What are the Advantages and Disadvantages of Mediation?

Mediation provides the parties with control over the outcome of their dispute. It also can allow for the resolution of your matter to remain private. Finally, mediation is very cost effective. Mediation, however, is not appropriate for everyone. For those who are not able to negotiate on their own behalf and are confused by the subject matter, mediation may not be the appropriate process to resolve the dispute.

Is Mediation Binding?

Mediation can be binding when the final settlement agreement is reduced to writing and signed by the parties. Parties can also choose a non-binding form of mediation by indicating the expectation of non-binding mediation in the final settlement agreement.

Is Mediation Cost Effective?

Yes! Generally, parties can reduce their overall costs by two-thirds! And, studies show that mediated agreements are followed approximately 85% of the time versus only 55% of the time for judge-rendered decisions. Therefore, parties who choose to mediate not only save a lot of money, they ensure the highest level of satisfaction and therefore follow through, with the agreement!

Additionally, should outside experts be necessary during the mediation, the parties agree to use one set of experts rather than two sets of experts used in a traditional divorce process.
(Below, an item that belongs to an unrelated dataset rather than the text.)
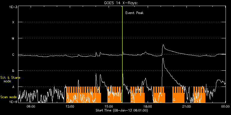EIS Observation timeline overlay to GOES-Xray curve Code 1" 2" 40" 266" EIS Observations list for this event: STUDY ACRONYM ID DATE OBSERVED DESCRIPTION NOAA# TARGET 0 HH_Flare+AR_180x152 | 31487 | 2013/01/08 11:43:20 | AR and Flare Observations | 1652 | Flare TIMELINE ID DATE OBSERVED FITS FILE XCEN (+W/-E) YCEN (+N/-S) DUR ----------------------------------------------------------------------------------------------------------------- 31487 | 2013/01/08 11:43:20.000 | eis_l0_20130108_114320.fits.gz | -696.06 | 366.35 | 5m18s 31487 | 2013/01/08 11:48:40.000 | eis_l0_20130108_114840.fits.gz | -695.52 | 366.19 | 5m18s 31487 | 2013/01/08 11:54:01.000 | eis_l0_20130108_115401.fits.gz | -694.98 | 366.43 | 5m18s 31487 | 2013/01/08 11:59:22.000 | eis_l0_20130108_115922.fits.gz | -694.51 | 366.43 | 5m18s 31487 | 2013/01/08 12:04:43.000 | eis_l0_20130108_120443.fits.gz | -693.97 | 366.50 | 5m18s 31487 | 2013/01/08 12:10:04.000 | eis_l0_20130108_121004.fits.gz | -693.51 | 366.50 | 5m18s 31487 | 2013/01/08 12:15:25.000 | eis_l0_20130108_121525.fits.gz | -692.89 | 366.58 | 5m18s 31487 | 2013/01/08 12:20:46.000 | eis_l0_20130108_122046.fits.gz | -692.43 | 366.58 | 5m18s 31487 | 2013/01/08 12:26:06.000 | eis_l0_20130108_122606.fits.gz | -691.89 | 366.58 | 5m18s 31487 | 2013/01/08 12:31:26.000 | eis_l0_20130108_123126.fits.gz | -691.50 | 366.66 | 5m19s 31487 | 2013/01/08 12:36:48.000 | eis_l0_20130108_123648.fits.gz | -690.96 | 366.73 | 5m18s 31487 | 2013/01/08 12:42:09.000 | eis_l0_20130108_124209.fits.gz | -690.27 | 366.81 | 5m17s 31487 | 2013/01/08 12:47:29.000 | eis_l0_20130108_124729.fits.gz | -689.88 | 366.97 | 5m18s 31487 | 2013/01/08 12:52:50.000 | eis_l0_20130108_125250.fits.gz | -689.26 | 366.89 | 5m18s 31487 | 2013/01/08 12:58:11.000 | eis_l0_20130108_125811.fits.gz | -688.80 | 367.12 | 5m18s 31487 | 2013/01/08 13:03:31.000 | eis_l0_20130108_130331.fits.gz | -688.26 | 367.12 | 5m19s 31487 | 2013/01/08 13:08:53.000 | eis_l0_20130108_130853.fits.gz | -687.79 | 367.12 | 5m17s 31487 | 2013/01/08 13:14:13.000 | eis_l0_20130108_131413.fits.gz | -687.17 | 367.04 | 5m18s 31487 | 2013/01/08 13:19:34.000 | eis_l0_20130108_131934.fits.gz | -686.71 | 367.20 | 5m18s 31487 | 2013/01/08 13:24:54.000 | eis_l0_20130108_132454.fits.gz | -686.17 | 367.12 | 5m18s 31487 | 2013/01/08 13:30:15.000 | eis_l0_20130108_133015.fits.gz | -685.71 | 367.28 | 5m19s 31487 | 2013/01/08 13:35:37.000 | eis_l0_20130108_133537.fits.gz | -685.09 | 367.20 | 5m17s 31487 | 2013/01/08 13:40:57.000 | eis_l0_20130108_134057.fits.gz | -684.47 | 367.20 | 5m17s 31487 | 2013/01/08 13:46:17.000 | eis_l0_20130108_134617.fits.gz | -684.09 | 367.43 | 5m17s 31487 | 2013/01/08 13:51:37.000 | eis_l0_20130108_135137.fits.gz | -683.54 | 367.35 | 5m18s 31487 | 2013/01/08 13:56:58.000 | eis_l0_20130108_135658.fits.gz | -683.08 | 367.51 | 5m17s 31487 | 2013/01/08 14:02:18.000 | eis_l0_20130108_140218.fits.gz | -682.54 | 367.43 | 5m18s 31487 | 2013/01/08 14:07:38.000 | eis_l0_20130108_140738.fits.gz | -681.92 | 367.51 | 5m19s 31487 | 2013/01/08 14:13:00.000 | eis_l0_20130108_141300.fits.gz | -681.46 | 367.58 | 5m17s 31487 | 2013/01/08 14:18:20.000 | eis_l0_20130108_141820.fits.gz | -680.92 | 367.58 | 5m19s 1 HH_Flare+AR_180x152 | 31490 | 2013/01/08 14:54:44 | AR and Flare Observations | 1652 | Flare TIMELINE ID DATE OBSERVED FITS FILE XCEN (+W/-E) YCEN (+N/-S) DUR ----------------------------------------------------------------------------------------------------------------- 31490 | 2013/01/08 14:54:44.000 | eis_l0_20130108_145444.fits.gz | -677.29 | 367.97 | 5m18s 31490 | 2013/01/08 15:00:05.000 | eis_l0_20130108_150005.fits.gz | -676.75 | 367.89 | 5m17s 31490 | 2013/01/08 15:05:25.000 | eis_l0_20130108_150525.fits.gz | -676.21 | 368.05 | 5m18s 31490 | 2013/01/08 15:10:45.000 | eis_l0_20130108_151045.fits.gz | -675.74 | 368.13 | 5m19s 31490 | 2013/01/08 15:16:07.000 | eis_l0_20130108_151607.fits.gz | -675.28 | 368.13 | 5m18s 31490 | 2013/01/08 15:21:27.000 | eis_l0_20130108_152127.fits.gz | -674.66 | 368.13 | 5m19s 31490 | 2013/01/08 15:26:49.000 | eis_l0_20130108_152649.fits.gz | -674.04 | 368.13 | 5m17s 31490 | 2013/01/08 15:32:09.000 | eis_l0_20130108_153209.fits.gz | -673.58 | 368.13 | 5m17s 31490 | 2013/01/08 15:37:29.000 | eis_l0_20130108_153729.fits.gz | -673.04 | 368.20 | 5m18s 31490 | 2013/01/08 15:42:50.000 | eis_l0_20130108_154250.fits.gz | -672.50 | 368.28 | 5m18s 31490 | 2013/01/08 15:48:11.000 | eis_l0_20130108_154811.fits.gz | -671.96 | 368.36 | 5m18s 31490 | 2013/01/08 15:53:31.000 | eis_l0_20130108_155331.fits.gz | -671.49 | 368.36 | 5m18s 2 HH_Flare+AR_180x152 | 31491 | 2013/01/08 16:41:44 | AR and Flare Observations | 1652 | Flare TIMELINE ID DATE OBSERVED FITS FILE XCEN (+W/-E) YCEN (+N/-S) DUR ----------------------------------------------------------------------------------------------------------------- 31491 | 2013/01/08 16:41:44.000 | eis_l0_20130108_164144.fits.gz | -666.55 | 368.67 | 5m17s 31491 | 2013/01/08 16:47:04.000 | eis_l0_20130108_164704.fits.gz | -666.16 | 368.82 | 5m18s 31491 | 2013/01/08 16:52:25.000 | eis_l0_20130108_165225.fits.gz | -665.62 | 368.90 | 5m18s 31491 | 2013/01/08 16:57:46.000 | eis_l0_20130108_165746.fits.gz | -664.93 | 368.90 | 5m18s 31491 | 2013/01/08 17:03:07.000 | eis_l0_20130108_170307.fits.gz | -664.47 | 368.98 | 5m18s 31491 | 2013/01/08 17:08:27.000 | eis_l0_20130108_170827.fits.gz | -663.92 | 369.05 | 5m18s 31491 | 2013/01/08 17:13:48.000 | eis_l0_20130108_171348.fits.gz | -663.31 | 369.05 | 5m17s 31491 | 2013/01/08 17:19:08.000 | eis_l0_20130108_171908.fits.gz | -662.77 | 369.05 | 5m17s 31491 | 2013/01/08 17:24:28.000 | eis_l0_20130108_172428.fits.gz | -662.22 | 369.21 | 5m18s 31491 | 2013/01/08 17:29:49.000 | eis_l0_20130108_172949.fits.gz | -661.76 | 369.13 | 5m18s 31491 | 2013/01/08 17:35:09.000 | eis_l0_20130108_173509.fits.gz | -661.14 | 369.13 | 5m19s 31491 | 2013/01/08 17:40:31.000 | eis_l0_20130108_174031.fits.gz | -660.53 | 369.28 | 5m17s 3 HH_Flare+AR_180x152 | 31492 | 2013/01/0

By limiting one person, the mediator, to negotiating the terms of the divorce and hiring outside assistance as needed, parties spend FAR less in mediation than hiring two sets of attorneys and two sets of experts!

Who Should Not Mediate?

In order to be successful in mediation, both parties need to have the ability to make decisions together. If parties lack the ability to make mutually agreeable decisions, not only will mediation fail, but the parties will have spent a lot of money without any resolution to the problem. Additionally, parties who cannot be truthful or trustworthy are not successful in mediation.

How Can I Get a Divorce Through Mediation?
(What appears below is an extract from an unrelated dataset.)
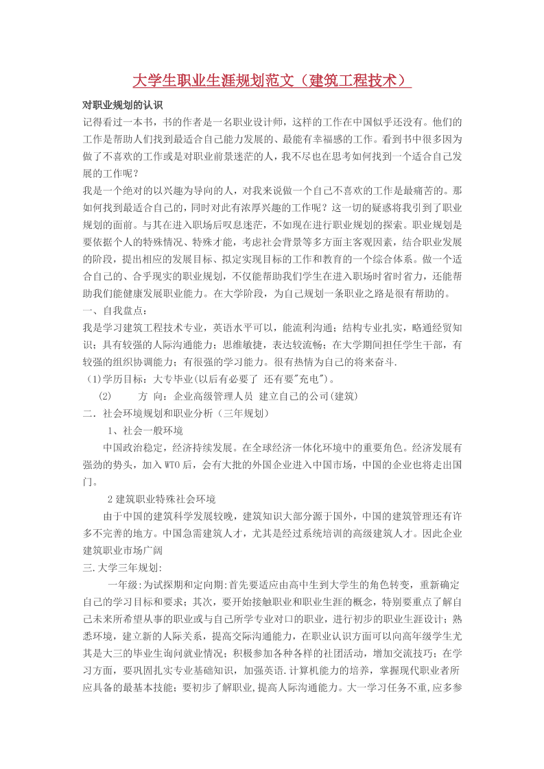 大学生职业生涯规划书建筑学
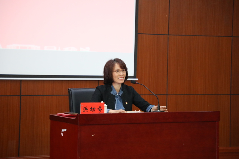 在随后一个小时的讲座中,洪幼芬以“扎根基层,振兴乡村”为主题,讲述了自任职以来,深入学习贯彻党的十九大精神,围绕大局,注重创新,与时俱进,努力为张家潭村经济社会和谐发展做出贡献的故事。在讲座中洪幼芬有力地分析了“狠抓经济,提高村民福利”、“精准扶贫,关爱帮助弱势群体”、“改善民生,确保实事工程顺利开展”、“奋战一线,加强精神文明建设”等相关内容。并通过一个个饱含真情的小故事的讲述,让在场师生真切的感受到了她扎根基层、用实际行动诠释一名农村党员干部的初心和使命。

First, the mediator assists the parties in negotiating all issues pertaining to the divorce including: asset allocation, debt allocation, spousal support, custody, parenting time, and child support. Then, upon reaching settlement on all issues, the mediator drafts a Mediation Settlement Agreement, which is called an MSA. At this time, the parties are encouraged to seek independent legal advise to review and advise each party regarding the terms of the MSA. Upon each party agreeing to the final terms of the MSA, the mediator files all documents necessary to legally effectuate your divorce. Because you are using one person to negotiate the terms your divorce, and are only using individual attorneys to advise you regarding your rights and obligations under the MSA, you are saving the cost of a traditional divorce!

How Do I Make an Appointment?

First, both parties must agree to use Mediation Northwest to mediate their divorce. We require both parties to contact us individually so we may have a brief conversation about each party’s perspective of the issues involved in divorce. Then, if both parties agree to use Mediation Northwest, an appointment is set to mediate. Generally, a two-hour appointment is scheduled, but parties only pay for time they actually use. So, if you only mediate for 30 minutes, you only pay for 30 minutes.

How Is My Attorney Involved?

Mediation Northwest encourages its clients to seek independent legal advice at any stage of the mediation process. Furthermore, independent legal advice is most helpful before the first mediation session and after receiving the first draft of the Mediation Settlement Agreement. Parties best negotiate for their needs when provided with specific information regarding their rights under Oregon law – an attorney, and not a mediator, can provide that advice. Parties are encouraged to ask their attorney about the asset and debt division, spousal support, health insurance, custody, parenting time, and child support.